__What is required__: Pictures aside, copy exactly each line from the one that holds "under CC BY 4.0" through the last line of the records below.
·····
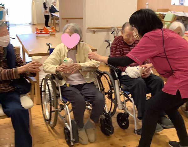「洋菓子かと思ったら和菓子の味でおいしかった」と、見た目と違ったおいしさでビックリされた入居者様もいらっしゃいましたが、おいしく召し上がっていただけたようでした♪
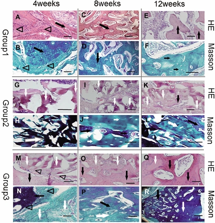 图5、在光学显微镜下用HE(第1、3和5行)和Masson三色(第2、4和6行)染色进行组织学检查。 在第1组(第1行,第2行)中,TEP在第4周形成了岛状骨痂(A,B)。 新生骨组织增加,血管不规则或骨髓腔未成熟,而TEP在8周时消失(可能降解)(C,D)。第12周时,新生骨全部发育成成熟松质骨(E,F)。第2组(第3、4行),第4周(G,H)DPB主要被瘢痕组织和浸润淋巴细胞包围,第8周(I,J)或12周(K,L)伴有少量新骨组织形成。在第3组(第5、6行)中,TEP和DPB之间有少量的新骨形成,这些骨在4周时伴随疤痕组织降解(M,N)。 新的骨组织在第8周(O,P)形成编织骨,而在第12周则倾向于形成成骨细胞嵌入矿物基质的成熟层状骨(Q,R)。 三角形代表TEP,黑色箭头代表新形成的骨组织,白色箭头代表DPB的残留物。 比例尺= 1 mm。
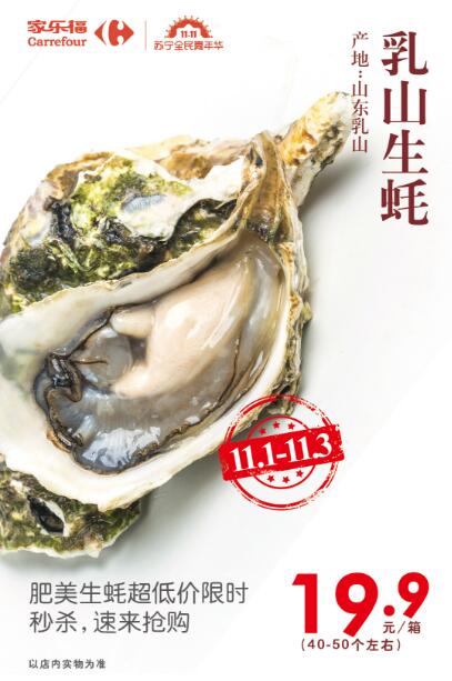 家乐福中国首战苏宁双十一,推出生鲜爆品超值活动,产地直采、品质独特的乳山生蚝是主推品之一。个头大、肉质饱满、入口爽滑、汁液鲜美,规格2.25kg-2.5kg、原价29.9元/箱的乳山生蚝,“开门红”三天直降至19.9元/箱,最实惠的“蚝”门盛宴只等安排。
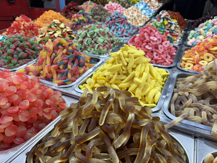 - "The image displays a detailed view of a large assortment of gummy candies arranged in multiple metal trays, likely within a market stall or store in Tel Aviv, Israel" by FM-kvEG43, licensed under CC BY 4.0
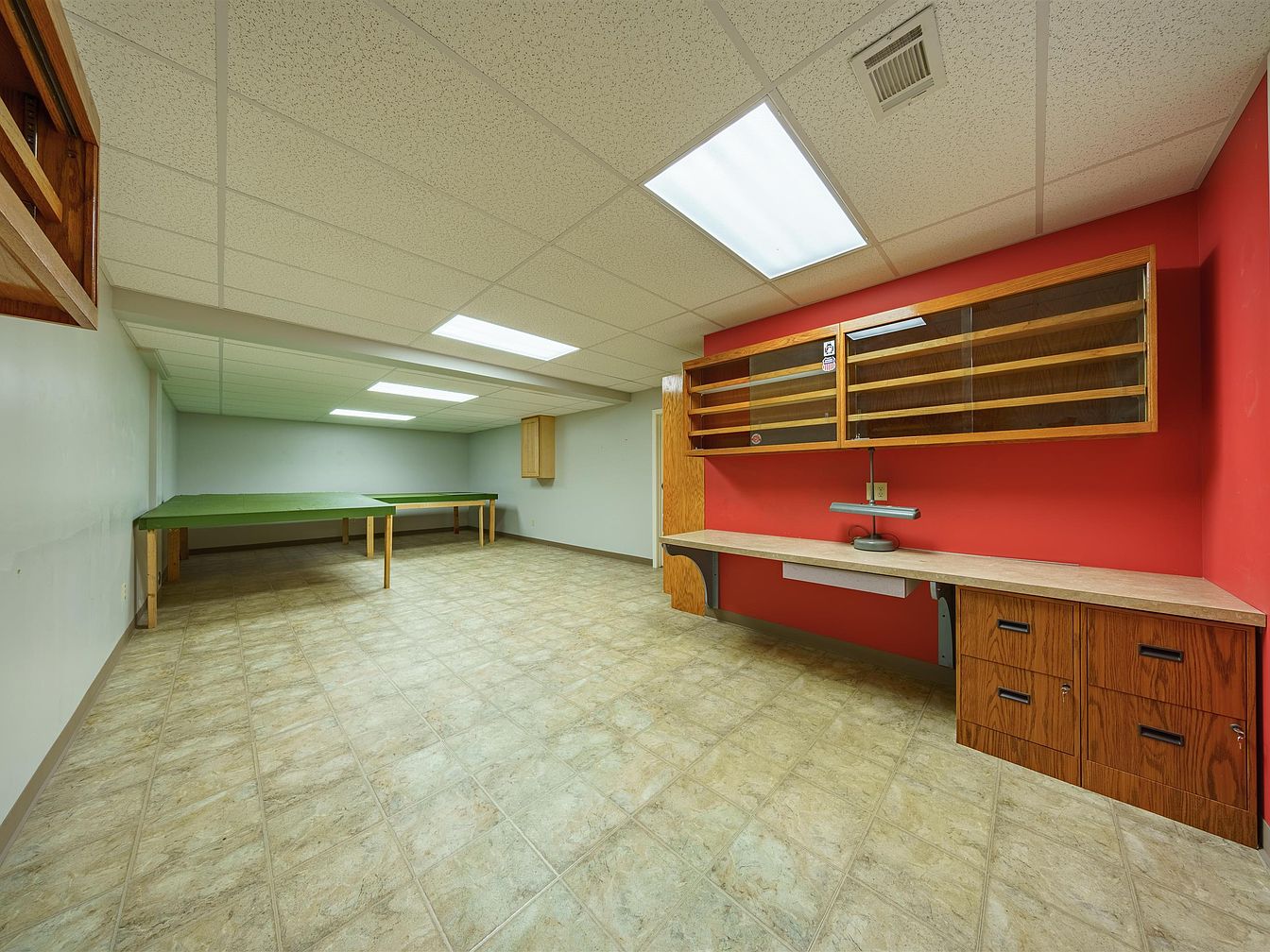 This basement area is designed as a functional workspace with a practical layout. The room features a tiled floor in neutral beige tones that complement the subdued wall colors. One wall is painted a bold red, adding a touch of warmth and character, and serves as a backdrop for a built-in desk area with wooden cabinetry and a glass-fronted shelving unit above. The ceiling is a standard drop-tile with fluorescent panel lighting, providing even illumination. On the opposite side, there is a large table with green felt covering, suggesting it could be used for crafts, hobbies, or game setup, enhancing the space’s versatility.
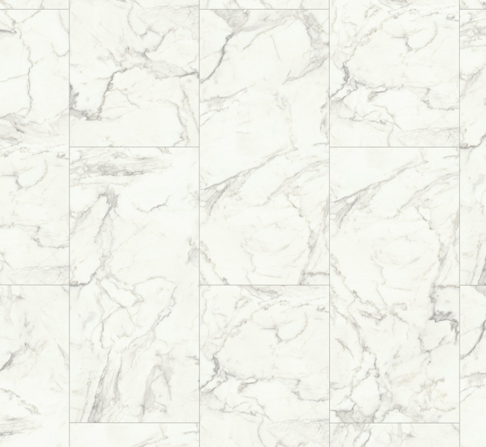 Decorul Marble Eos alb redă fidel textura pietrei naturale, cu vene delicate și denivelări vizibile care conferă autenticitate și profunzime suprafeței. Formatul supradimensionat de 856 x 403 x 5,5 mm adaugă continuitate vizuală și individualitate spațiilor, fiind ideal atât pentru băi, cât și pentru camerele de zi sau alte încăperi. Marginile teșite pe toate laturile accentuează impresia unei pardoseli autentice și elegante.
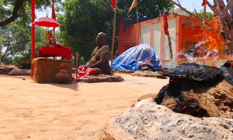 अंगारों के बीच रसगन आश्रम में स्वामी बालकादेवाचार्य की कठोर पंच धूणी अग्नि तपस्या
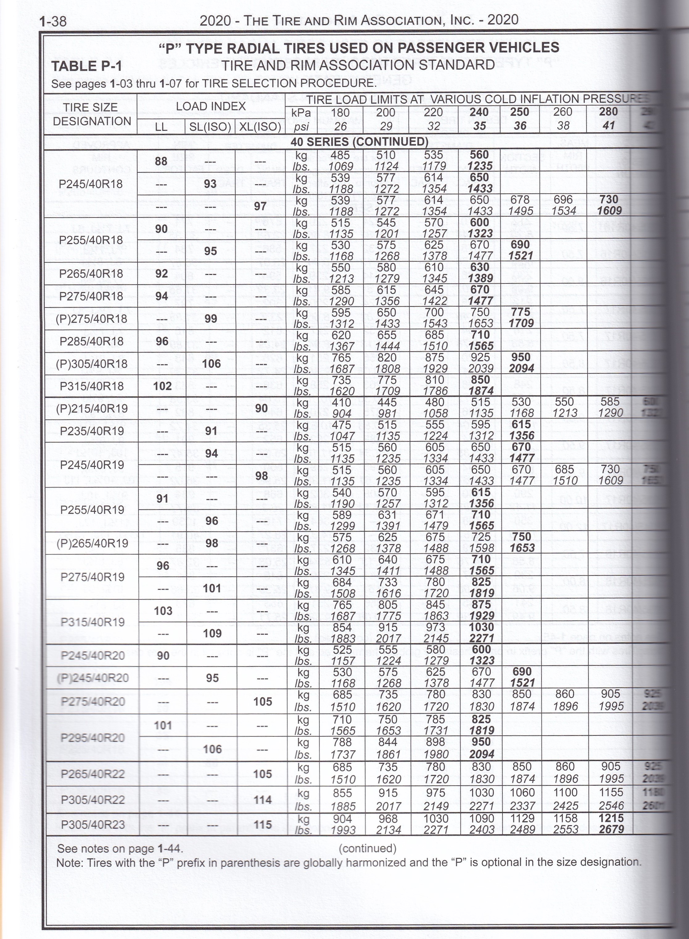 LL Tires LL (Light Load) tires are similar to SL (Standard Load) or XL (Extra Load) tires. They are Passenger Car (PC) tires with a given load rating - in this case less than an equivalent SL. Below is a page from the 2020 Tire and Rim Association (TRA) Yearbook showing some of them. |
·····
__Solved problem__:
 - "The image displays a detailed view of a large assortment of gummy candies arranged in multiple metal trays, likely within a market stall or store in Tel Aviv, Israel" by FM-kvEG43, licensed under CC BY 4.0
 This basement area is designed as a functional workspace with a practical layout. The room features a tiled floor in neutral beige tones that complement the subdued wall colors. One wall is painted a bold red, adding a touch of warmth and character, and serves as a backdrop for a built-in desk area with wooden cabinetry and a glass-fronted shelving unit above. The ceiling is a standard drop-tile with fluorescent panel lighting, providing even illumination. On the opposite side, there is a large table with green felt covering, suggesting it could be used for crafts, hobbies, or game setup, enhancing the space’s versatility.
 Decorul Marble Eos alb redă fidel textura pietrei naturale, cu vene delicate și denivelări vizibile care conferă autenticitate și profunzime suprafeței. Formatul supradimensionat de 856 x 403 x 5,5 mm adaugă continuitate vizuală și individualitate spațiilor, fiind ideal atât pentru băi, cât și pentru camerele de zi sau alte încăperi. Marginile teșite pe toate laturile accentuează impresia unei pardoseli autentice și elegante.
 अंगारों के बीच रसगन आश्रम में स्वामी बालकादेवाचार्य की कठोर पंच धूणी अग्नि तपस्या
 LL Tires LL (Light Load) tires are similar to SL (Standard Load) or XL (Extra Load) tires. They are Passenger Car (PC) tires with a given load rating - in this case less than an equivalent SL. Below is a page from the 2020 Tire and Rim Association (TRA) Yearbook showing some of them. |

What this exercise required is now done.